A memo when I investigated how to scrape data from a certain public database
――I wanted to try machine learning with the data described in the paper. ――It turned out that you can get the necessary data by using the search function on the WEB screen, but since there were so many cases, I wanted to get it automatically to prevent copy mistakes. ――The site also had a REST API, but it was a hassle to check if the same results as the specifications and WEB screen could be obtained.
I would like to obtain a compound (ligand) that inhibits a coronavirus protein from the Protein Data Bank PDB.
The procedure for manually acquiring data is shown below.
Enter the conditions on the search screen (https://www.rcsb.org/search/advanced) and click the search button (magnifying glass icon).
A list of protein structures will be displayed as a search result, so click the ID you want to obtain. By the way, this time, I would like to collect the data obtained on the subsequent screens for all IDs.
Obtain the ligand ID and Binding Affinity (inhibition constant, unit) from the protein structure details screen. Then click on the ID.
Obtain structural information of SMILES, Inchi, etc. from the ligand details screen
We confirmed how the screen transition method and data expression method required for scraping are at the HTML level.
--In the search process on the first search screen, when I checked the communication in the development mode of the browser, I POSTed the search conditions with JSON list and received the search results with the JSON response. It seems that communication and screen display are carried out by JavaScript. --On the protein structure details screen, the URL of the ligand and inhibition data were stored in the td tag in the tr tag with the id "binding_row_N" (N is a number). --On the ligand details screen, items such as SMILES were output by td in the tr tag with an id such as "chemicalIsomeric". The same was true for inchi and inchiKey.
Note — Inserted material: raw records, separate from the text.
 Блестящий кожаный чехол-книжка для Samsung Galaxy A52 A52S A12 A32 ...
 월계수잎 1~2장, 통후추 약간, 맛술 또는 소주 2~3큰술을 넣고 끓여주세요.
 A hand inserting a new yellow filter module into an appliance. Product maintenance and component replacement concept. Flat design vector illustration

Since the preliminary survey was over, I tried it. I was also interested in Scrapy, so I tried two patterns, one with Scrapy and one without Scrapy (raw Python).
get_pdp.py
import requests
import json
import time
import lxml.html
import argparse
import csv
def get_ligand(ligand_id):
tmp_url = "https://www.rcsb.org" + ligand_id
response = requests.get(tmp_url)
if response.status_code != 200:
return response.status_code, []
html = response.text
root = lxml.html.fromstring(html)
print(tmp_url)
smiles = root.xpath("//tr[@id='chemicalIsomeric']/td[1]/text()")[0]
inchi = root.xpath("//tr[@id='chemicalInChI']/td[1]/text()")[0]
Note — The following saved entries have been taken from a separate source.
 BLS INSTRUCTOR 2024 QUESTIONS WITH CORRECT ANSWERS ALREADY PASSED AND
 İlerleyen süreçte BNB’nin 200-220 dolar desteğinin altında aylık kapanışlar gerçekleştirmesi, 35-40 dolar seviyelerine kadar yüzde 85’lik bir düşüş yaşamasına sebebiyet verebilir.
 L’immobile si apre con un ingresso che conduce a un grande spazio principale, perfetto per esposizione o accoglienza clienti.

inchi_key = root.xpath("//tr[@id='chemicalInChIKey']/td[1]/text()")[0]
return response.status_code, [smiles, inchi, inchi_key]
def get_structure(structure_id):
structure_url = "https://www.rcsb.org/structure/"
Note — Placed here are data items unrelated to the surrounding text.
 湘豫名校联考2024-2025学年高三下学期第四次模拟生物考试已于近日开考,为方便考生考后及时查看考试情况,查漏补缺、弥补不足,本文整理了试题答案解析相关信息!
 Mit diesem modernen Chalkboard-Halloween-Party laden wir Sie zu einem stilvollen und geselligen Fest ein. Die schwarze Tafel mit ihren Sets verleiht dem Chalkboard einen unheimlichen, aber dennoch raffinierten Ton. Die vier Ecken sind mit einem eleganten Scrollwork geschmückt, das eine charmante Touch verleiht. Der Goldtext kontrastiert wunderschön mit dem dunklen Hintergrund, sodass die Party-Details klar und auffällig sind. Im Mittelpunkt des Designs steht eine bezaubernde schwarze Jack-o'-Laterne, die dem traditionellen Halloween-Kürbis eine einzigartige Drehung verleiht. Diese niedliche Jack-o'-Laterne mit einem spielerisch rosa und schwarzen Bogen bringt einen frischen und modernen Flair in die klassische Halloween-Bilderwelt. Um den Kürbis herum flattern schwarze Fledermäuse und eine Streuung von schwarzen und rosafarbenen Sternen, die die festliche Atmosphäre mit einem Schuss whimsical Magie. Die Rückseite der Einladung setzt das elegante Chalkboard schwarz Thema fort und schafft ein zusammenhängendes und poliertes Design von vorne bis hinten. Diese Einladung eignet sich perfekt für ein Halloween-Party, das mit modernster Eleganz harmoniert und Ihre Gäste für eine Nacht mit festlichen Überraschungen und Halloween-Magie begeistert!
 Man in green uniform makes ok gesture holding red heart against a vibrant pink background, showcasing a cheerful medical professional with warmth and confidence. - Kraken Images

tmp_url = structure_url + structure_id
print(tmp_url)
html = requests.get(tmp_url).text
root = lxml.html.fromstring(html)
binding_trs = root.xpath("//tr[contains(@id,'binding_row')]")
datas = []
ids = []
for tr in binding_trs:
print(tr.xpath("@id"))
d1 = tr.xpath("td[position()=1]/a/@href")
if d1[0] in ids:
continue
ids.append(d1[0])
status_code, values = get_ligand(d1[0])
ligand_id = d1[0][(d1[0].rfind("/") + 1):]
if status_code == 200:
smiles, inchi, inchi_key = values
item = tr.xpath("td[position()=2]/a/text()")[0]
item = item.strip()
value = tr.xpath("td[position()=2]/text()")[0]
value = value.replace(":", "")
value = value.replace(";", "")
value = value.replace(" ", "")
value = value.replace("\n", "")
print(value)
values = value.split(" ", 1)
print(values)
value = values[0].strip()
unit = values[1].strip()
datas.append([ligand_id, smiles, inchi, inchi_key, item, value, unit])
time.sleep(1)
return datas
def main():
parser = argparse.ArgumentParser()
parser.add_argument("-output", type=str, required=True)
args = parser.parse_args()
base_url = "https://www.rcsb.org/search/data"
payloads = {"query":{"type":"group","logical_operator":"and","nodes":[{"type":"group","logical_operator":"and","nodes":[{"type":"group","logical_operator":"or","nodes":[{"type":"group","logical_operator":"and","nodes":[{"type":"terminal","service":"text","parameters":{"attribute":"rcsb_binding_affinity.value","negation":False,"operator":"exists"},"node_id":0},{"type":"terminal","service":"text","parameters":{"attribute":"rcsb_binding_affinity.type","operator":"exact_match","value":"IC50"},"node_id":1}],"label":"nested-attribute"},{"type":"group","logical_operator":"and","nodes":[{"type":"terminal","service":"text","parameters":{"attribute":"rcsb_binding_affinity.value","negation":False,"operator":"exists"},"node_id":2},{"type":"terminal","service":"text","parameters":{"attribute":"rcsb_binding_affinity.type","operator":"exact_match","value":"Ki"},"node_id":3}],"label":"nested-attribute"}]},{"type":"group","logical_operator":"and","nodes":[{"type":"terminal","service":"text","parameters":{"operator":"exact_match","negation":False,"value":"Severe acute respiratory syndrome-related coronavirus","attribute":"rcsb_entity_source_organism.taxonomy_lineage.name"},"node_id":4}]}],"label":"text"}],"label":"query-builder"},"return_type":"entry","request_options":{"pager":{"start":0,"rows":100},"scoring_strategy":"combined","sort":[{"sort_by":"score","direction":"desc"}]},"request_info":{"src":"ui","query_id":"e757fdfd5f9fb0efa272769c5966e3f4"}}
print(json.dumps(payloads))
response = requests.post(
base_url,
json.dumps(payloads),
headers={'Content-Type': 'application/json'})
datas = []
for a in response.json()["result_set"]:
structure_id = a["identifier"]
datas.extend(get_structure(structure_id))
time.sleep(1)
with open(args.output, "w") as f:
writer = csv.writer(f, lineterminator="\n")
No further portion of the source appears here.